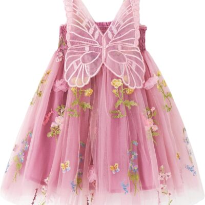Miipat Baby Girl Dress Tulle Butterfly Toddler Girls Sleeveless Embroidery Floral Princess Dresses Wedding Party Birthday Dress for Girl
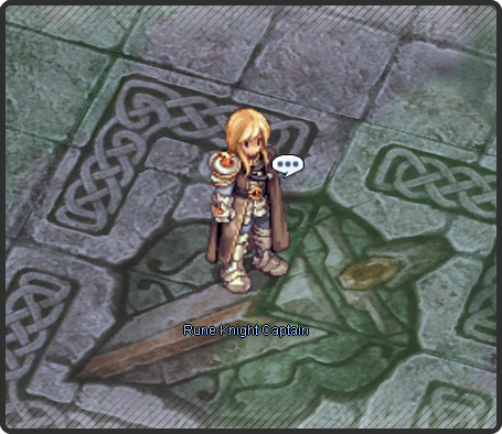 6. After successfully completing the test, speak to Rune Knight Lunarea /navi job3_rune01 90/50 again. She will congratulate you and send you to Rune Knight Captain Tigris /navi job3_rune01 80/60.
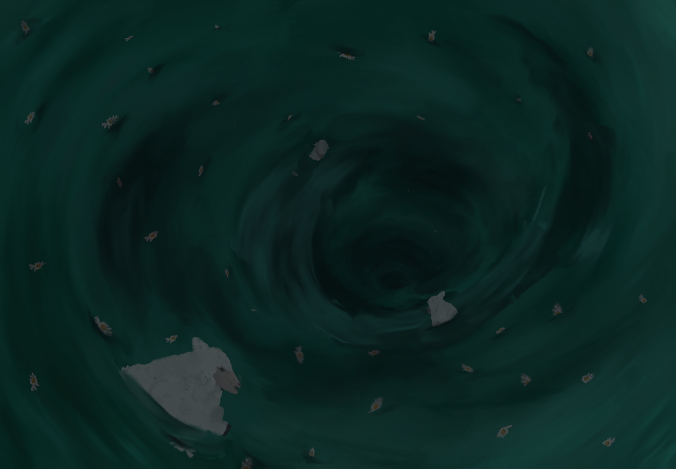 This piece is one I had contemplated for a long time prior to its creation. I often struggle to articulate my emotions, and I frequently associate these complex internal states with water. The imagery of a whirlpool, in particular, repeatedly emerges in my work, symbolizing the sensation of being pulled into an inescapable downward spiral. This emotional turbulence is closely tied to a perceived loss of innocence. Throughout art history, lambs and daisies have commonly symbolized innocence and purity, as seen in the works of artists such as Giotto, William-Adolphe Bouguereau, and Claude Monet. Drawing inspiration from these historical references, I incorporated these motifs to visually express the emotional themes present in this piece.
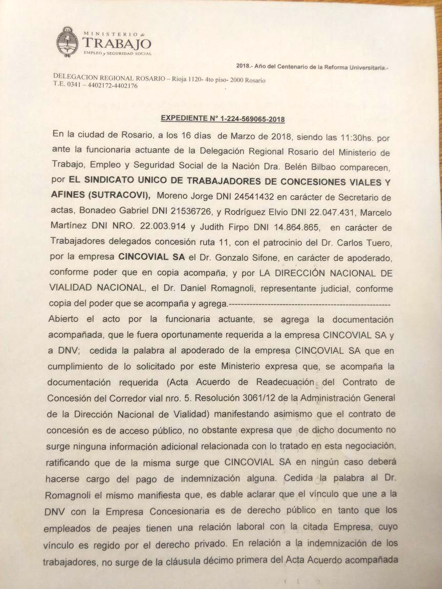 El apoderado de la empresa CINCOVIAL, Dr. Gonzalo Sifone, fue el primero en pedir la palabra y, de acuerdo al acta firmada por las partes, presentó el Acta Acuerdo de Readecuación del Contrato de Concesión del Corredor Vial N° 5. Resolución 3061/12 de la Administración General de la Dirección Nacional de Vialidad, manifestando asimismo que el contrato de concesión es de acceso público, no obstante expresa que de dicho documento no surge ninguna información adicional relacionado con lo tratado en esta negociación, ratificando que de la misma surge que CINCOVIAL SA en ningún caso deberá hacerse cargo del pago de indemnización alguna.
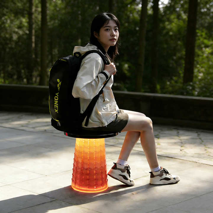 Sgabello Telescopico Pieghevole Portatile Arcobaleno con LED Luminoso, Sedia Ultraleggera Retrattile per Campeggio, Escursionismo, Giardino e Pesca
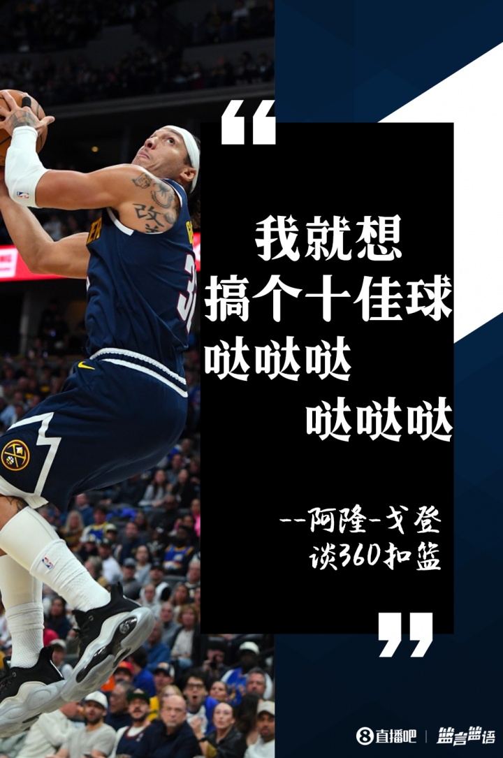 赛后,戈登接受了记者采访。谈到自己在比赛贡献360°扣篮,他说道:“我就是想搞个十佳球,ESPN,哒哒哒,哒哒哒。”
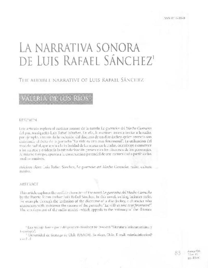 La narrativa sonora de Luis Rafael Sánchez [artículo] Valeria de los Ríos.
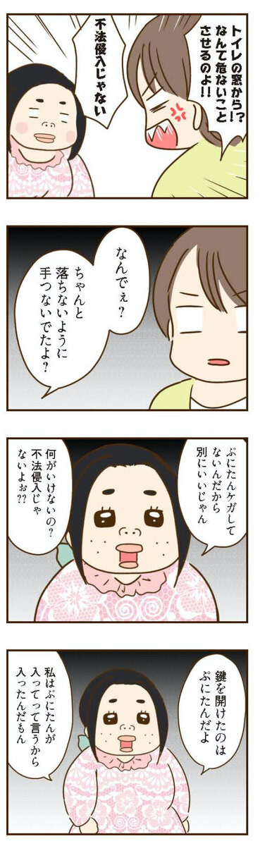 窓から落ちて大ケガでもしたら、取り返しのつかないことになっていたかもしれないのに「ケガしてないんだから別にいいじゃん」って。はぁぁぁ〜〜〜〜(怒)!?
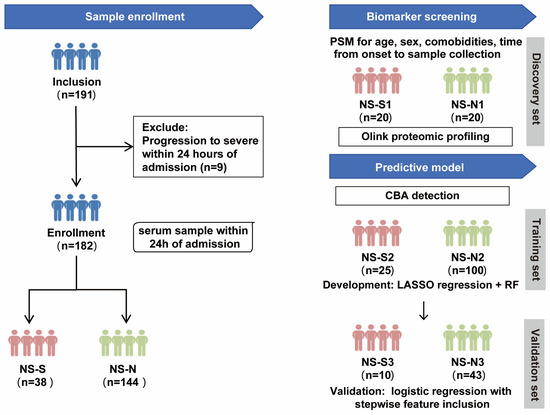 The study design included two parts (Figure 1). Firstly, to control the influence of confounding factors, we performed propensity score matching (PSM) on a 1:1 basis for age, sex, comorbidities, and time from symptom onset to sample collection between NS-N and NS-S groups of patients to establish a biomarker screening cohort. This resulted in a small sample discovery set of 20 patients per group (NS-N1 and NS-S1) who underwent proteomic profiling to screen for DEPs between the groups. Subsequently, protein quantification of DEPs was conducted on a predictive model cohort including 178 patients (4 excluded because they lacked sufficient serum volume for CBA detection). The cohort was randomly divided into a 70% training set (NS-N2: 100 cases; NS-S2: 25 cases) for model development and a 30% validation set (NS-N3: 43 cases; NS-S3: 10 cases) for predictive performance validation.
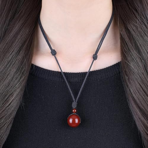 Generic - (دي اف) عين النمر، قلادة بدلاية بسيطة مستديرة قابلة للتعديل من الاحجار الكريمة للشفاء والطاقة الكريستالية 10 ملم، خرز للجنسين، حجر طبيعي
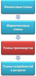 В свою очередь, производственные планы определяют требования к закупочной политике предприятия, к политике управления человеческими ресурсами ресурсами инфраструктуры (оборудование, электроэнергия, коммуникации и т.д.), в результате чего на основании планов производства формируются планы потребностей в ресурсах: планы закупок сырья и материалов, планы управления производственными мощностями, планы найма и ротации производственного
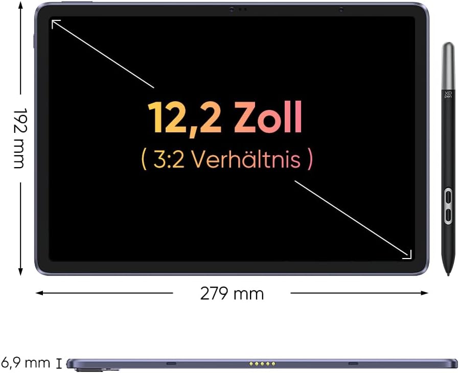 XPpen 12.2-инчов самостоятелен графичен таблет с дисплей и смарт писалка X3Pro 16384, Android 8GB + 256GB WiFi с батерия 8000mAh, магическа подложка за рисуване, 2K резолюция, цифров таблет за рисуване с операционна система Android 14
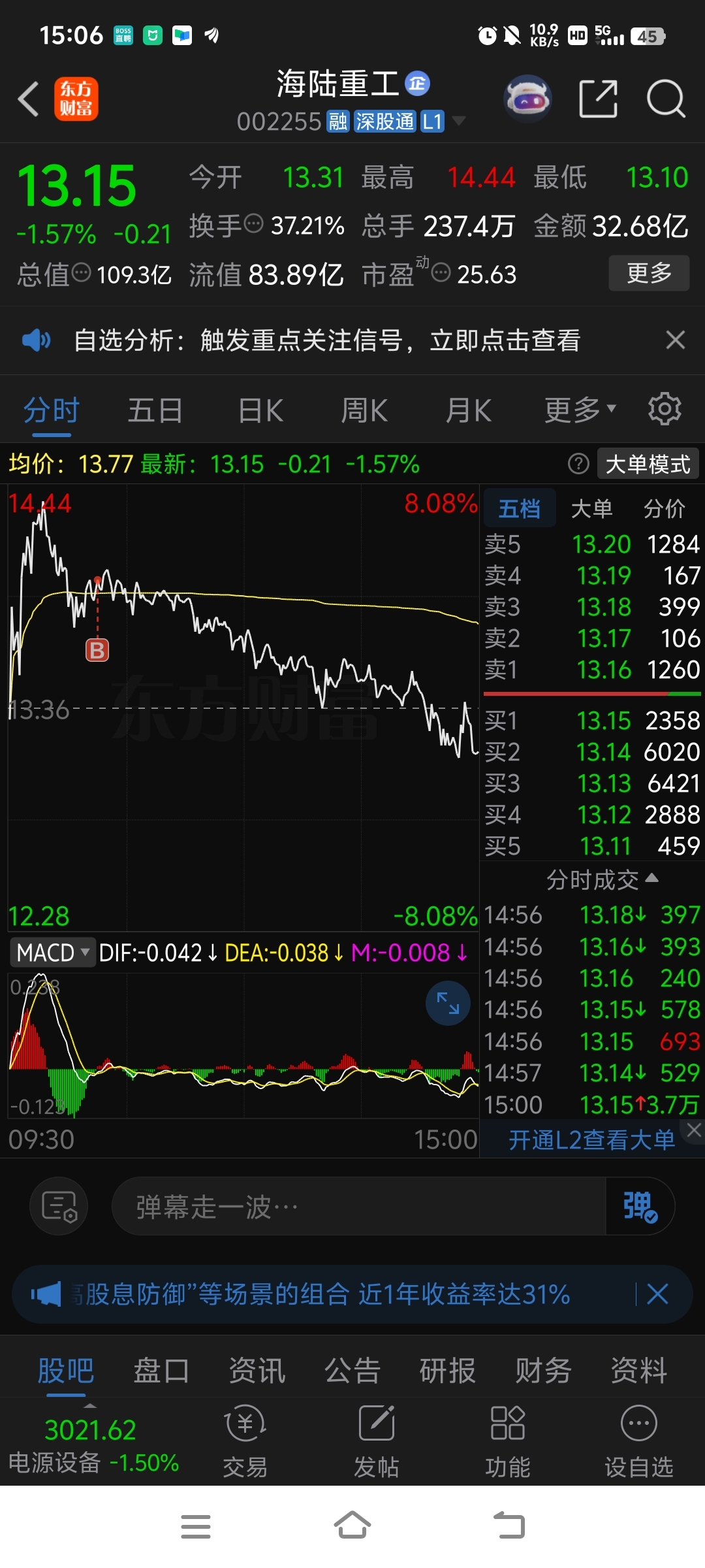 $海陆重工(SZ002255)$ 干,进去就吃六个点,上影线吊的是我啊
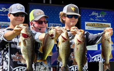 Keystone Heights High School students Jacob Beach (far left) and Ashton Alday (far right) teamed up to represent Keystone Heights Jr. Bassmasters and place first in Florida Bass Nation Junior/High School series tournament. The duo, fishing the St. Johns River out of Palatka, had a total weight of 19.18 pounds to top the field at the Fall Trail Qualifier #1 on Sept. 10. The second-place team had a total weight of 18.75 pounds. Alday and Beach, who competed against 130 teams from Florida and Georgia, were also seventh in the Big Bass category with a fish that weighed in at 5.01 pounds. The biggest fish weighed in at 7.67 pounds.
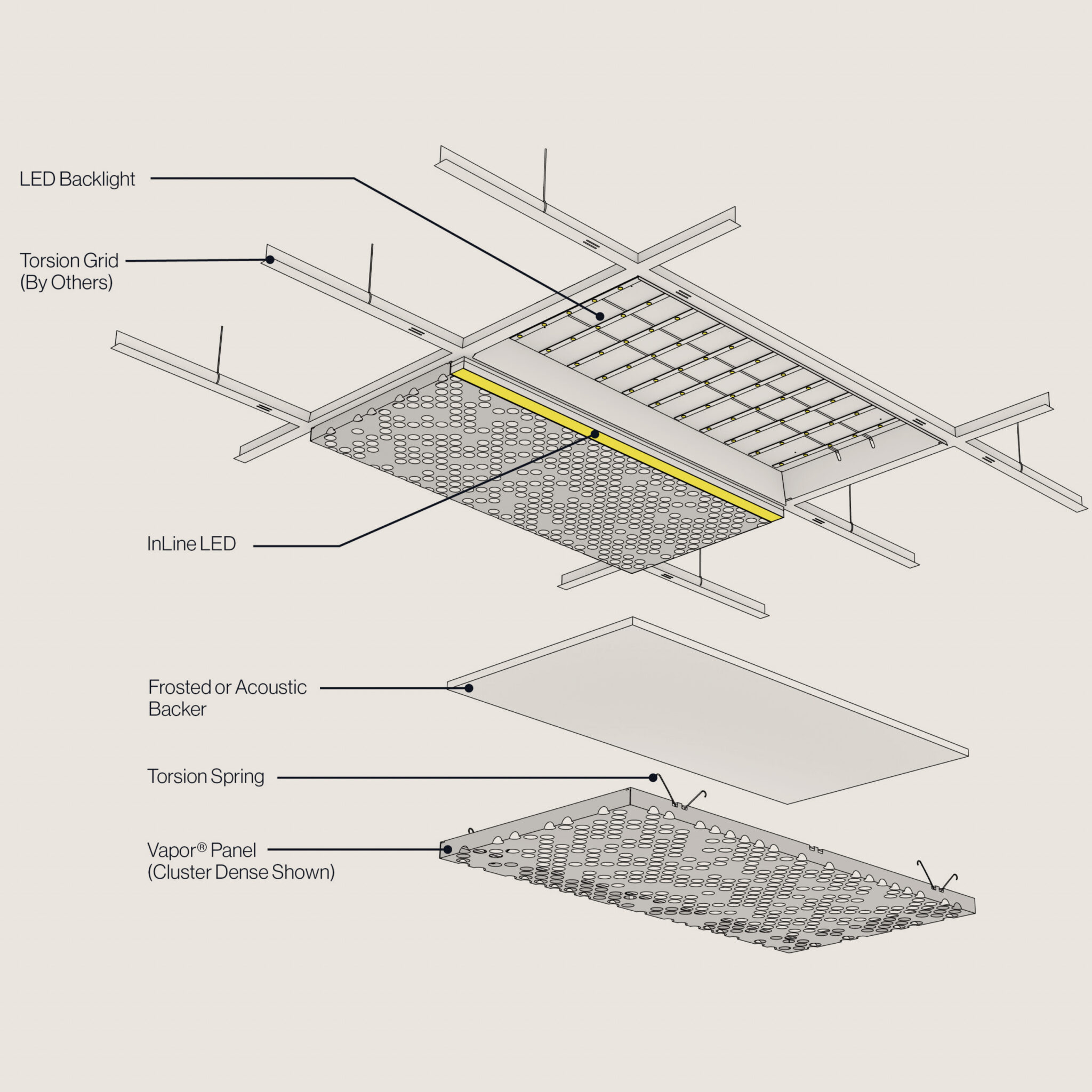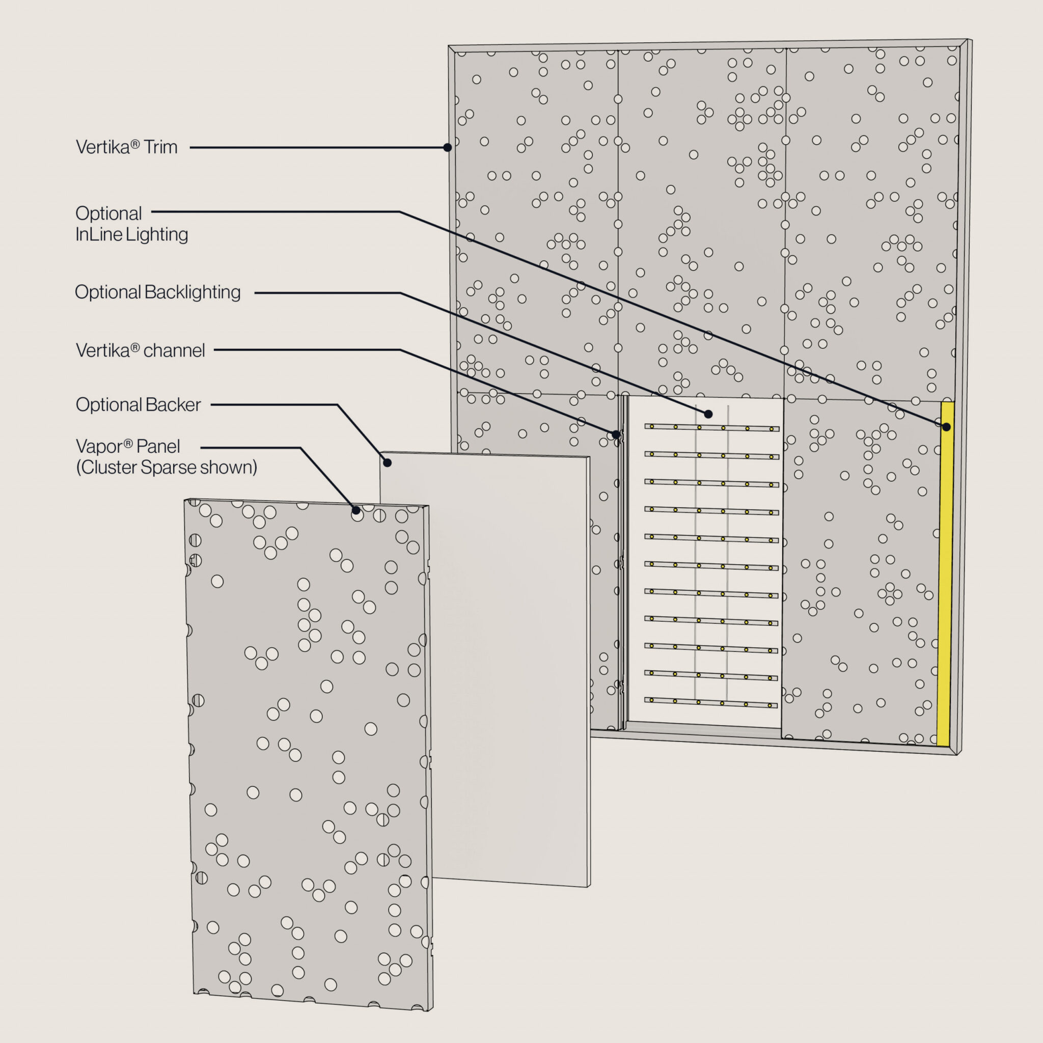 Featuring integrated InLine and Backlighting options, the Vapor® CLUSTER allows you to easily add illumination and dynamic lighting effects to your projects. This unique blend of functionality and style ensures that every room is not only visually stunning but also acoustically balanced, delivering a comprehensive solution that elevates the user experience to new heights. Illuminate your creativity with NOWN's Vapor® CLUSTER!
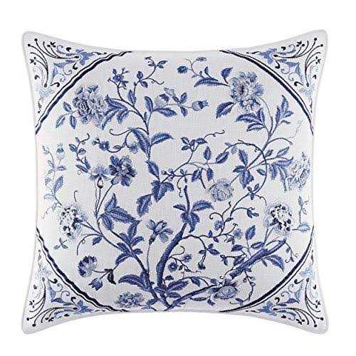 Laura Ashley’s Charlotte Comforter proves the timeless appeal of blue and white porcelain for a 21st century style bedroom. The centerpiece of the collection is a beautiful garden floral print that appears on the standard shams and comforter where it is framed by an intricate double border pieced on the outer edges. 100% Cotton, Fill is 100% Polyester. Machine wash cold on delicate cycle. Tumble dry low. Use extra large capacity machines. Re-position during drying cycle. Do not iron. Do not dry clean. Twin set includes 1 flat sheet measuring 96 x 66, a fitted sheet that measures 75 x 39 x 14, and 1 pillowcase that measures 20 x 30. Full set includes 1 flat sheet measuring 96 x 81, a fitted sheet measuring 75 x 54 x 15, and 2 pillow cases each measuring 20 x 30. Queen set includes 1 flat sheet measuring 102 x 90, a fitted sheeting measuring 80 x 60 x 15, and two pillow cases each measuring 20 x 30. King set includes 1 flat sheet measuring 102 x 108, a flat sheet measuring 80 x 78 x 15, and two pillow cases measuring 20 x 40.
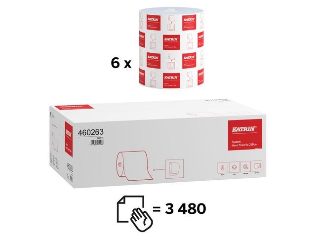 Handtorkpapper med bra egenskaper när det gäller styrka och absorption. Handtorkpapper av bra kvalitet för alla behov, lämplig för miljöer med medelhög till hög förbrukning Fiberråvara: Återvunna fiber och nyfiber. Andelen styrs av produktkraven och tillgång och kvalitet för optimal användning av råvaran. Speciellt lämplig inom livsmedelshantering, där den blå färgen ger spårbarhet. Katrins systemlösning för handtorkning är det bästa valet ur både miljö-, hygien- och kostnadsaspekt. Ett ark i taget matas fram, vilket ger en kontrollerad och hygienisk lösning. Passar till: Katrin System Handduksdispenser.
• • •
Above this task is a listing with pictures in it. Retype only the lines from the one containing "赛后,戈登接受了记者采访。谈" through the one containing "窓から落ちて大ケガでもしたら", both included, and not the pictures.

EXERCISE OUTPUT>
 赛后,戈登接受了记者采访。谈到自己在比赛贡献360°扣篮,他说道:“我就是想搞个十佳球,ESPN,哒哒哒,哒哒哒。”
 La narrativa sonora de Luis Rafael Sánchez [artículo] Valeria de los Ríos.
 窓から落ちて大ケガでもしたら、取り返しのつかないことになっていたかもしれないのに「ケガしてないんだから別にいいじゃん」って。はぁぁぁ〜〜〜〜(怒)!?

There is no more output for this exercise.